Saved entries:

•••

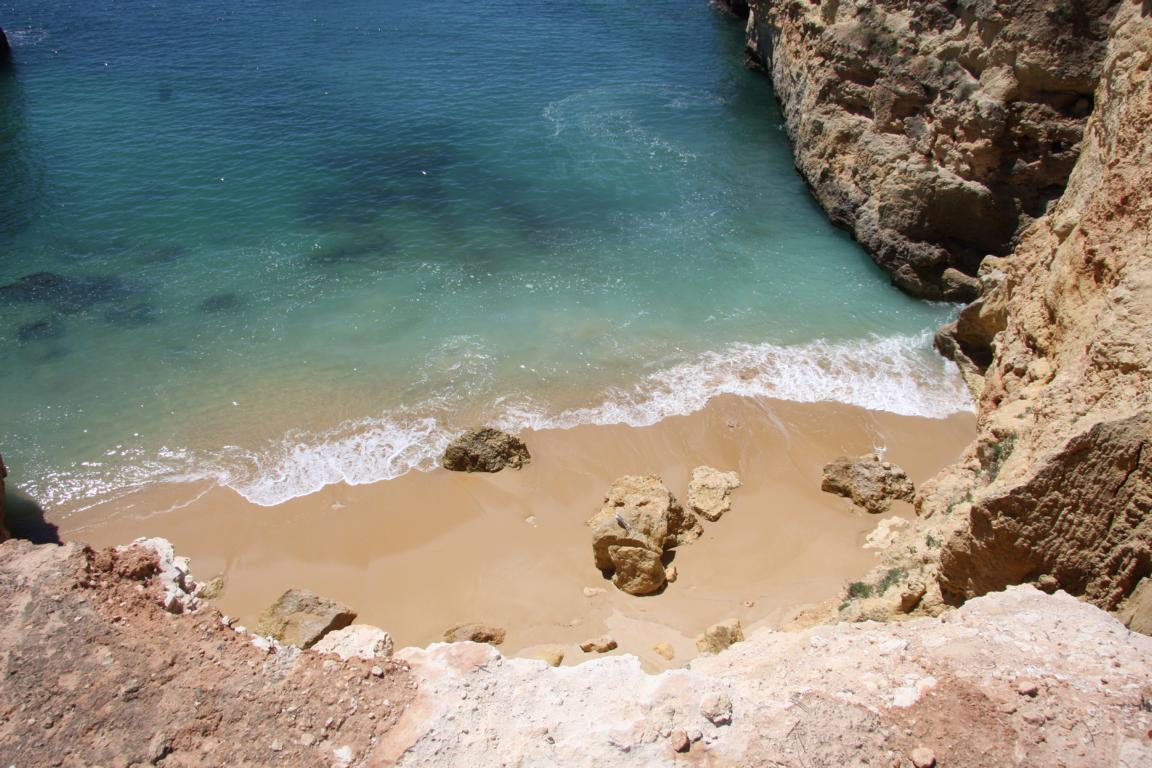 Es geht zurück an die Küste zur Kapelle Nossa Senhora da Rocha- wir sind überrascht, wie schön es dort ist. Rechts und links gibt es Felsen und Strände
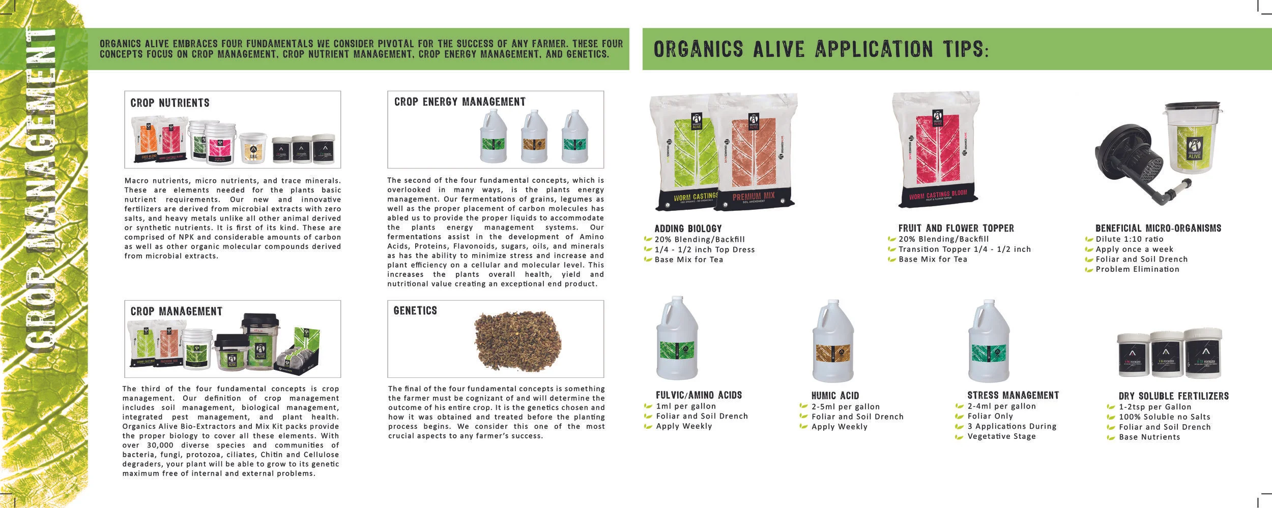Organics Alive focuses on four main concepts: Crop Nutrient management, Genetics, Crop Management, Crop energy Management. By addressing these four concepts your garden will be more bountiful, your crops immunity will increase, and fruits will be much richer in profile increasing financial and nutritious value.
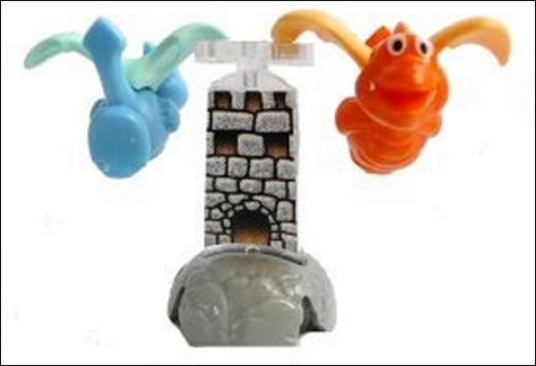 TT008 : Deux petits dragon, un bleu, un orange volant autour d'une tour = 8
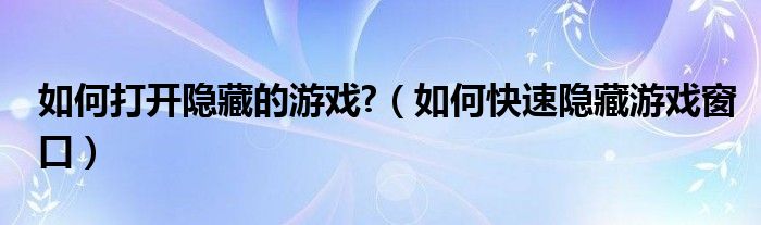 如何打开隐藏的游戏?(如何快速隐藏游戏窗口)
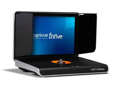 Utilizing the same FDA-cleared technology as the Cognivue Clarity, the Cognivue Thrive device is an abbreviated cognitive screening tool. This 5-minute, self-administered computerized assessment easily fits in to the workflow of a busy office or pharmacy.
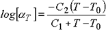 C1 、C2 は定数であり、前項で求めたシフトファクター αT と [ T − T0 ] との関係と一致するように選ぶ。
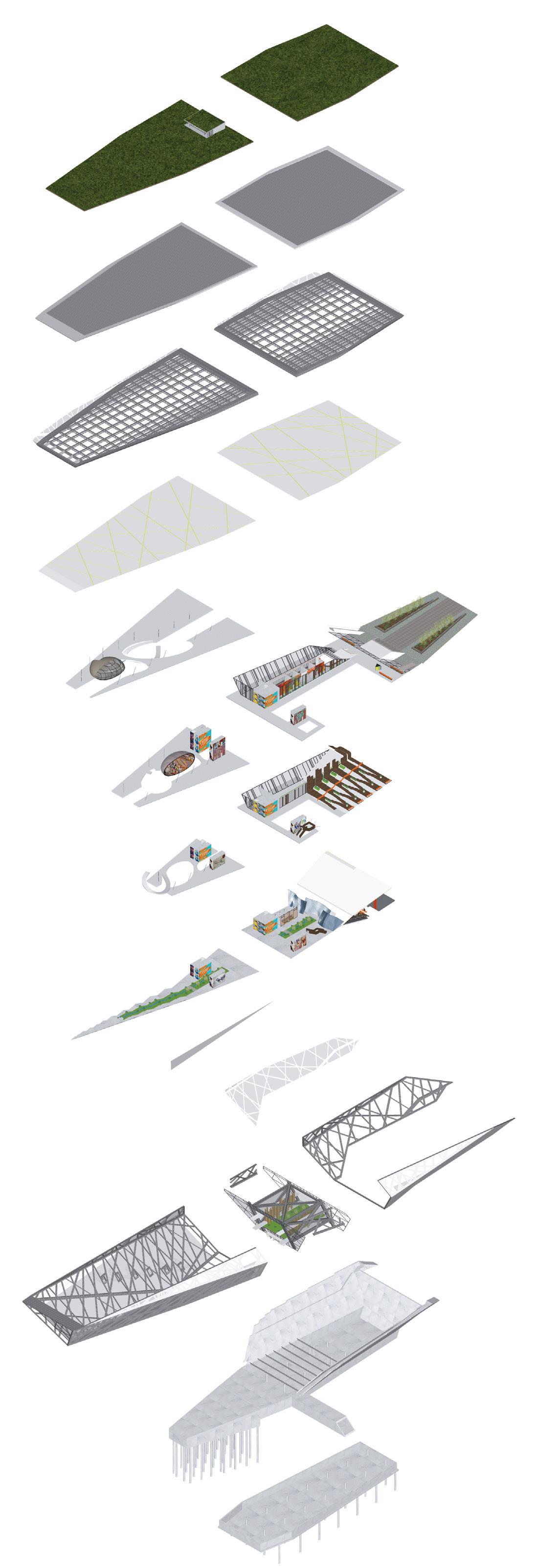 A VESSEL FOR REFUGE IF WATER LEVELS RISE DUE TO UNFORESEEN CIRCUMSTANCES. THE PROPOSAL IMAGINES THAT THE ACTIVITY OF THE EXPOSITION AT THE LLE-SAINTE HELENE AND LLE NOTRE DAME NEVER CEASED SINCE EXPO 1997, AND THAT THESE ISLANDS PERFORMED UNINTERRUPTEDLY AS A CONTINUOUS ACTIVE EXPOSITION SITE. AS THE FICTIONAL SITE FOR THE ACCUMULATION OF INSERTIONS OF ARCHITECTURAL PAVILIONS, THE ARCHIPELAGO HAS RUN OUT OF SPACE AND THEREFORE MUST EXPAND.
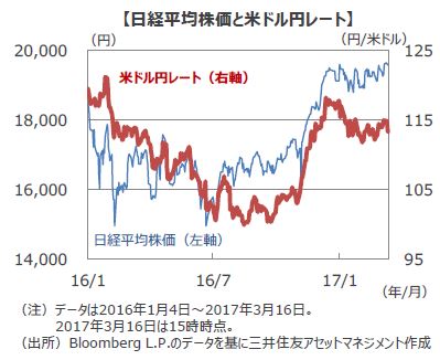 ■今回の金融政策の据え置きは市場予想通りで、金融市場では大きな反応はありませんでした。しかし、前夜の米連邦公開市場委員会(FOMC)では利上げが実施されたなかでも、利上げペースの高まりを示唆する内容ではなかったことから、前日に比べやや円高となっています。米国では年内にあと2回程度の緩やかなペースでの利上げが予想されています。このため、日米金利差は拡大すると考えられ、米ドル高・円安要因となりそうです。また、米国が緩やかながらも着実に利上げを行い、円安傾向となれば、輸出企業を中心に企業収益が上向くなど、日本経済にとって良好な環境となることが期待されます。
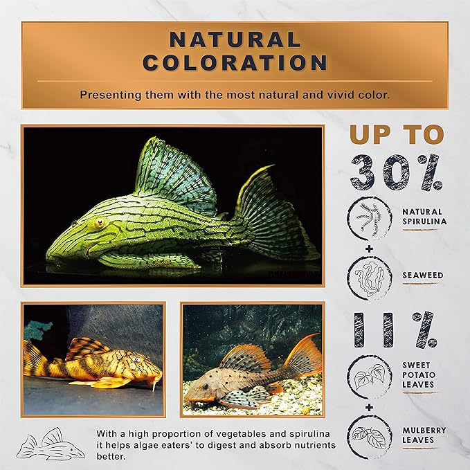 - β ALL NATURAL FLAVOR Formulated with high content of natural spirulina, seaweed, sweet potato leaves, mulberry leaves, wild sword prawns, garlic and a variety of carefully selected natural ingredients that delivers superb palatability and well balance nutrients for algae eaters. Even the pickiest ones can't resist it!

•••

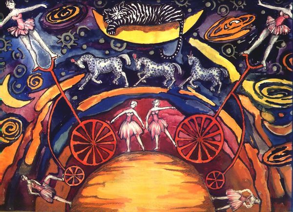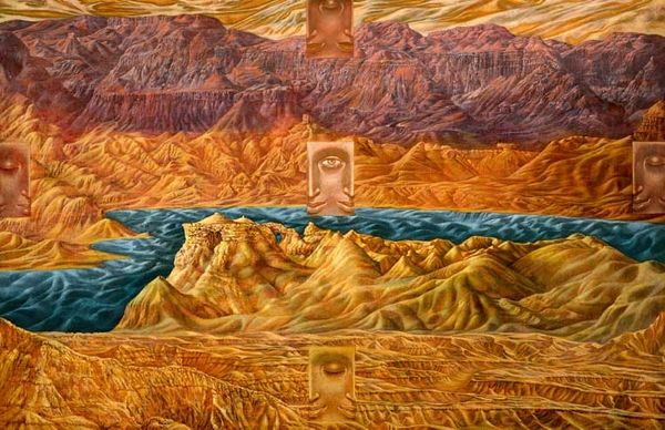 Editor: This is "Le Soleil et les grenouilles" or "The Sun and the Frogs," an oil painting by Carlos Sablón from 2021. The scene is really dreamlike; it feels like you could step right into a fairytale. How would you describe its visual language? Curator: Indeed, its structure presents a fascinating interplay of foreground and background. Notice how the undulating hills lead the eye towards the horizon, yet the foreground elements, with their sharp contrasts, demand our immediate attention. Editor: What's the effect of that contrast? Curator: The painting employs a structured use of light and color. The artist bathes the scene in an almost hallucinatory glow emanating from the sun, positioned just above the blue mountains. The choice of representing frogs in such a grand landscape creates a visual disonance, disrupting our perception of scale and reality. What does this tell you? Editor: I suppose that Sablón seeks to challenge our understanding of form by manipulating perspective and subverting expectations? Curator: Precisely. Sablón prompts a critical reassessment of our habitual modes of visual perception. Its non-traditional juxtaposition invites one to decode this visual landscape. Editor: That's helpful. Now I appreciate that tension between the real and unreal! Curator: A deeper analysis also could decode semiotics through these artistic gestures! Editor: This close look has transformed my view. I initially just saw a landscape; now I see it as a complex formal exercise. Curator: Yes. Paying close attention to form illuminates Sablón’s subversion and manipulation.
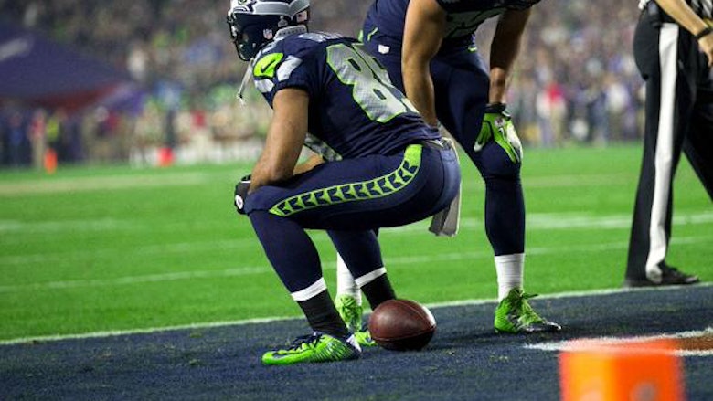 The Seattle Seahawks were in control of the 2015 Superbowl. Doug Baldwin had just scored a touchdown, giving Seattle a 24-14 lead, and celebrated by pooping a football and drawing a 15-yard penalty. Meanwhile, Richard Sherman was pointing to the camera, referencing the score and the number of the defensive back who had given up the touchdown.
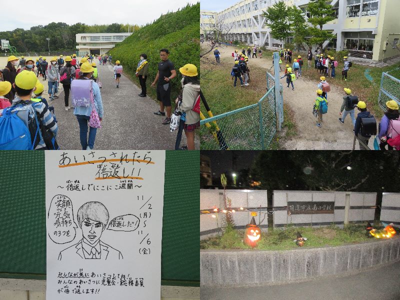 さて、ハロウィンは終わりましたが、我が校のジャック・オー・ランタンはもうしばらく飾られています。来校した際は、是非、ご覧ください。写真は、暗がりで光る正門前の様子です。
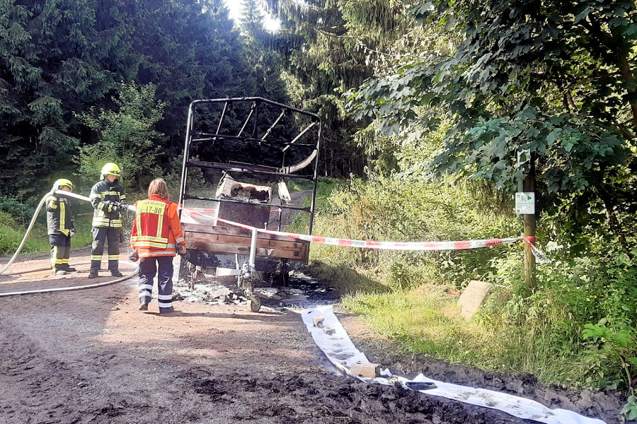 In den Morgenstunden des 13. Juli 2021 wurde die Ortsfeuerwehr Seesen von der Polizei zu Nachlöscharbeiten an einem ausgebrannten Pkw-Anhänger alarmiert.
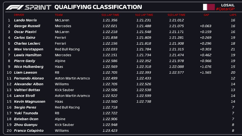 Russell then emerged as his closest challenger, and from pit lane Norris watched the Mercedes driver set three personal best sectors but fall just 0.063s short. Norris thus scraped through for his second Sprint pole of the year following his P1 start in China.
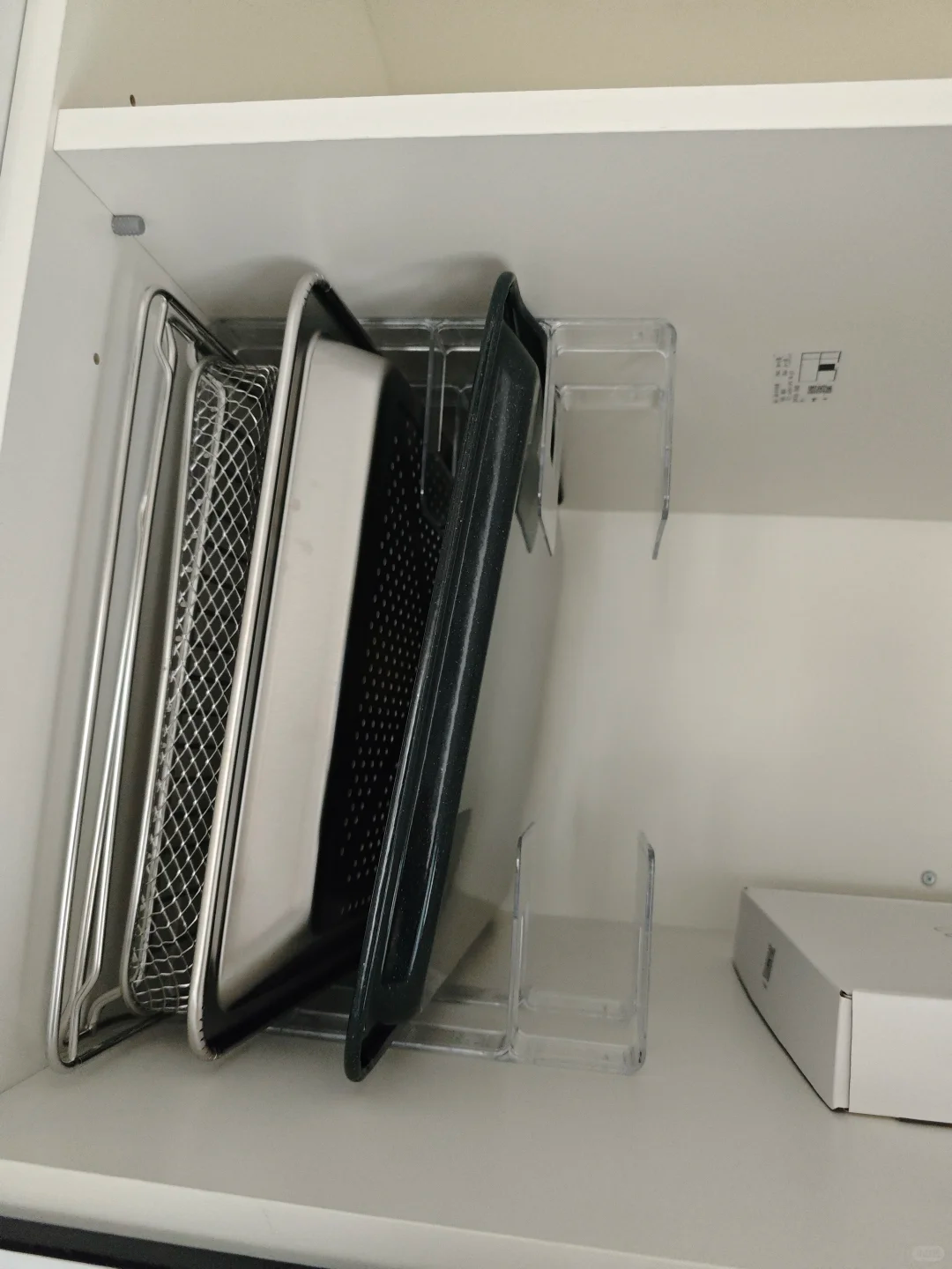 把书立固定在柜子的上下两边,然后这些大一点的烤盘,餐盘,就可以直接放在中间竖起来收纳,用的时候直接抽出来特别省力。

•••

> **Exercise description**
What lines above run from the one with "Russell then emerged" to the one with "把书立固定在柜子的上下两边,然后这些大一"? Give them again exactly, ends included, and leave the pictures out.

> **Completed task**
 Russell then emerged as his closest challenger, and from pit lane Norris watched the Mercedes driver set three personal best sectors but fall just 0.063s short. Norris thus scraped through for his second Sprint pole of the year following his P1 start in China.
 把书立固定在柜子的上下两边,然后这些大一点的烤盘,餐盘,就可以直接放在中间竖起来收纳,用的时候直接抽出来特别省力。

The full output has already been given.